In WD’s Inkwell column, a ubiquitous feature of the magazine, Don Vaughan writes an article titled “Calling All Writers!” and subtitled “Follow these 10 foolproof tips to launch your own regional writing conference.”  I cringed at reading the subtitle.  Writing conferences might be fun for writers—plenty of good food and drink, I suppose, and possibly some useful schmoozing—but you won’t meet or talk to any readers there.  You will see many lesser known authors tripping over themselves in their desire to talk to more famous authors and their agents (the latter, of course, like to have their egos stroked while promoting the agenda of the Big Six).  I’d advise writers to stay away from such things—and certainly to not create more of them!
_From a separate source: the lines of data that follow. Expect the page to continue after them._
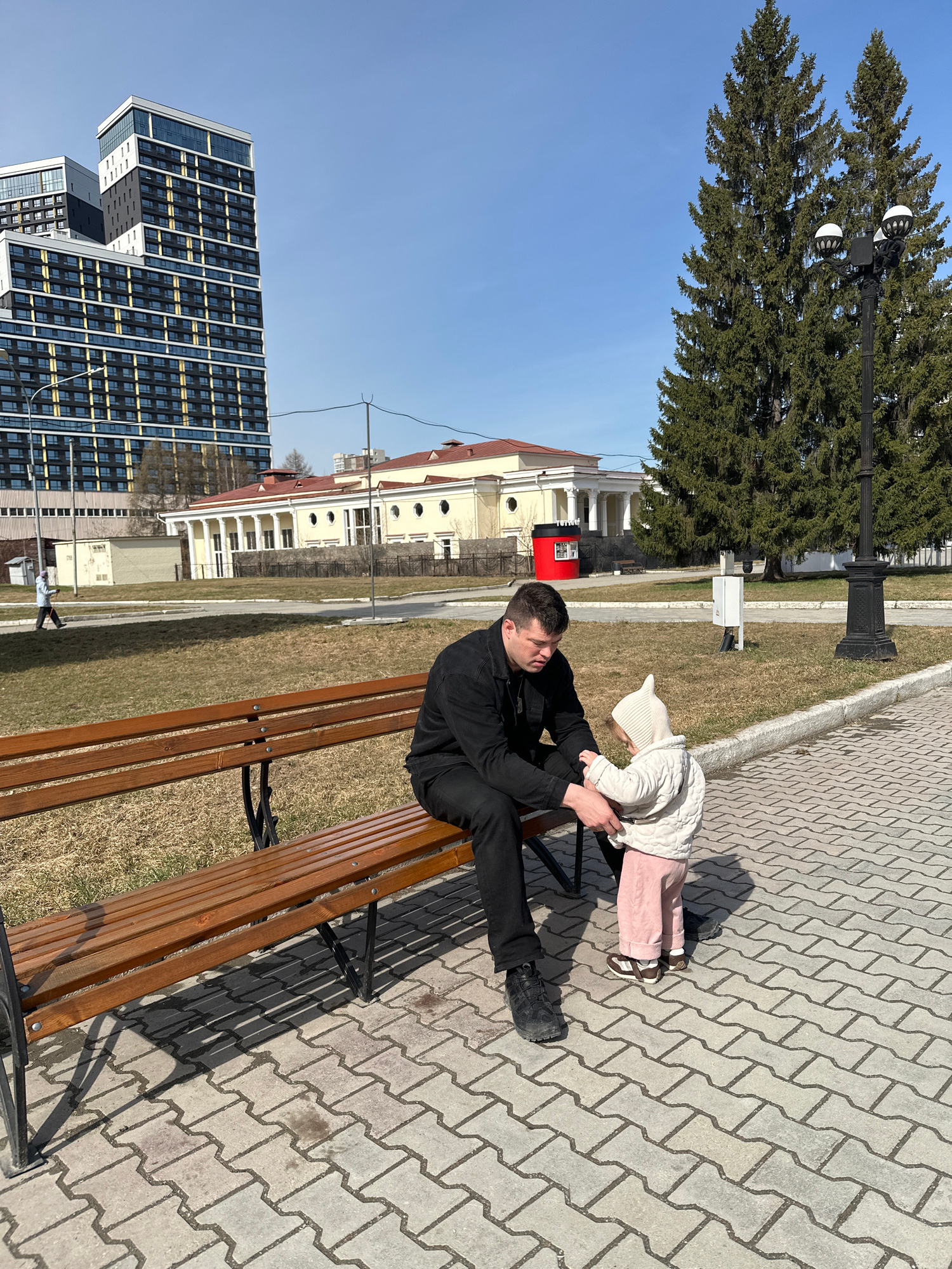 A man and a small child are in an outdoor setting. The man is seated on a wooden bench, dressed in black, attending to the child. The child, wearing a light jacket and pants, is standing near the bencβ¦read more
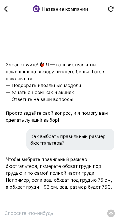 Нижнее бельё — категория, где клиент особенно ценит приватность, точность и внимательное сопровождение. Покупатели задают вопросы о посадке, поддержке, составе ткани, особенностях кроя, размере чашки, глубине посадки, корректирующем эффекте, а также о том, как правильно снять мерки. Многие стесняются долго переписываться и не любят «вытягивать информацию» из продавца. Если ответа нет в первые минуты, человек просто закрывает диалог и уходит выбирать в другой магазин.
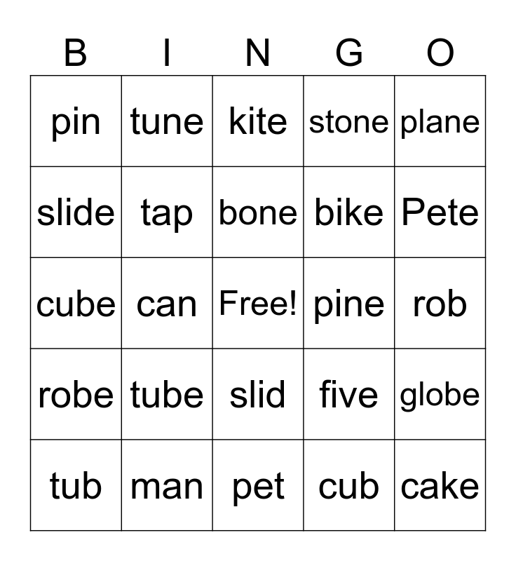 This bingo card has a free space and 29 words: tub, mane, can, tape, pin, kite, tap, tube, pine, man, rob, cake, pet, cub, Pete, cone, slid, robe, plane, cube, five, plan, bike, slide, stone, tune, globe, bone and cane.
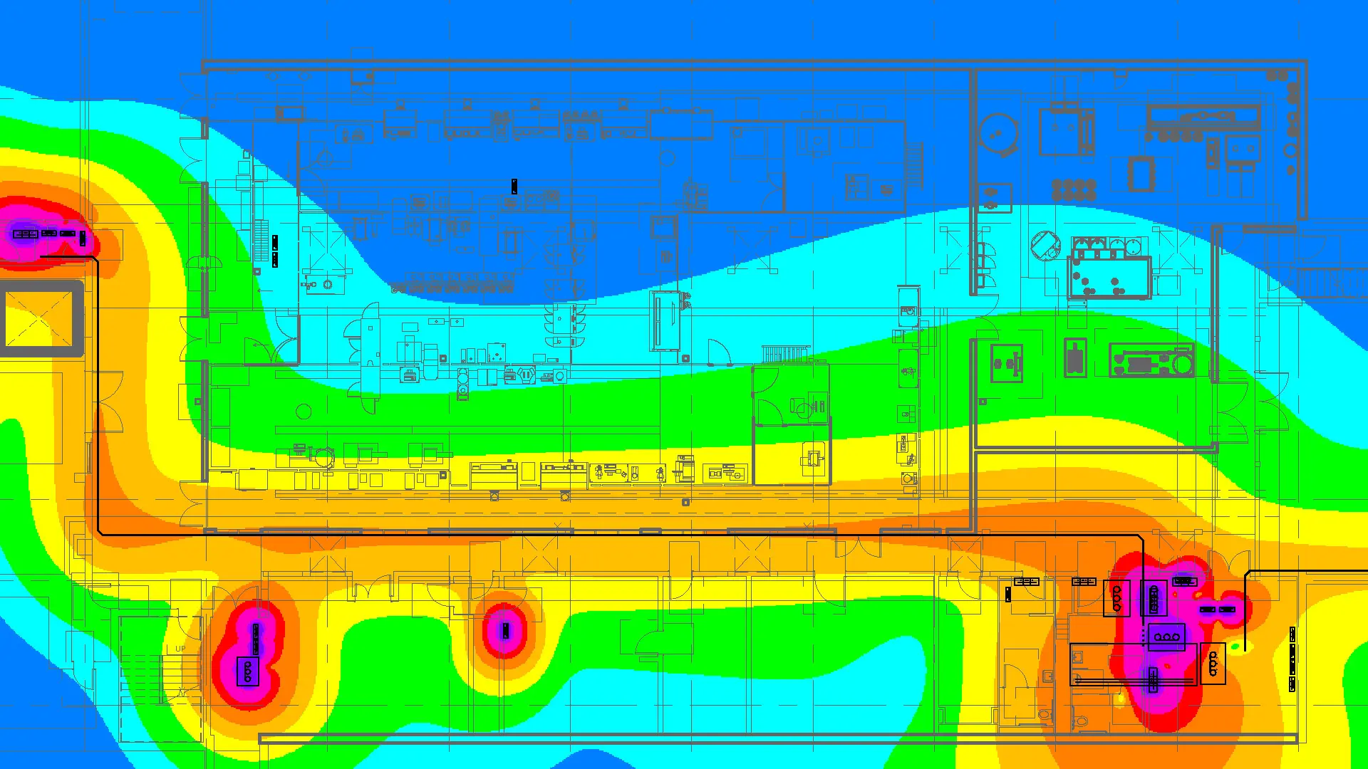 We provide plan-view and elevation view magnetic field simulation modeling of building electrical systems: Simulation modeling at a 50% and 75% building loads. These EMF simulation models illustrate the magnetic emissions profile as a 2D horizontal or vertical plane through the building. The sophisticated computer model calculates the magnetic emissions profiles as a function of magnitude and distance from the numerous electrical sources.
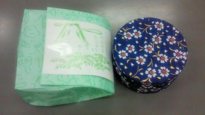 自分たちで手揉みしたお茶を、素敵な缶に入れていただき、おうちに持って帰りました。

Forget about perpetuating the legacy myth.  Use your fellow writers selfishly to improve your own writing (WD can help here, of course—it is good for something).  Help other writers to improve their writing skills, but don’t write for them.  Readers rule—get to know your readers, through public or online discussion sessions on your topics, interviews with public input, your blog (always allow comments), and so forth.  Leave the writing conferences’ organization to MFA and English programs—you’re better off spending your time and money writing and staying in touch with your readers.  You’ll only learn to do that in the school of hard knocks, not those programs.  I only know of one MFA program that doesn’t focus on the nebulous fiction genre “literary fiction”—I saw it described in WD a few months ago and wrote the author of the article to congratulate him.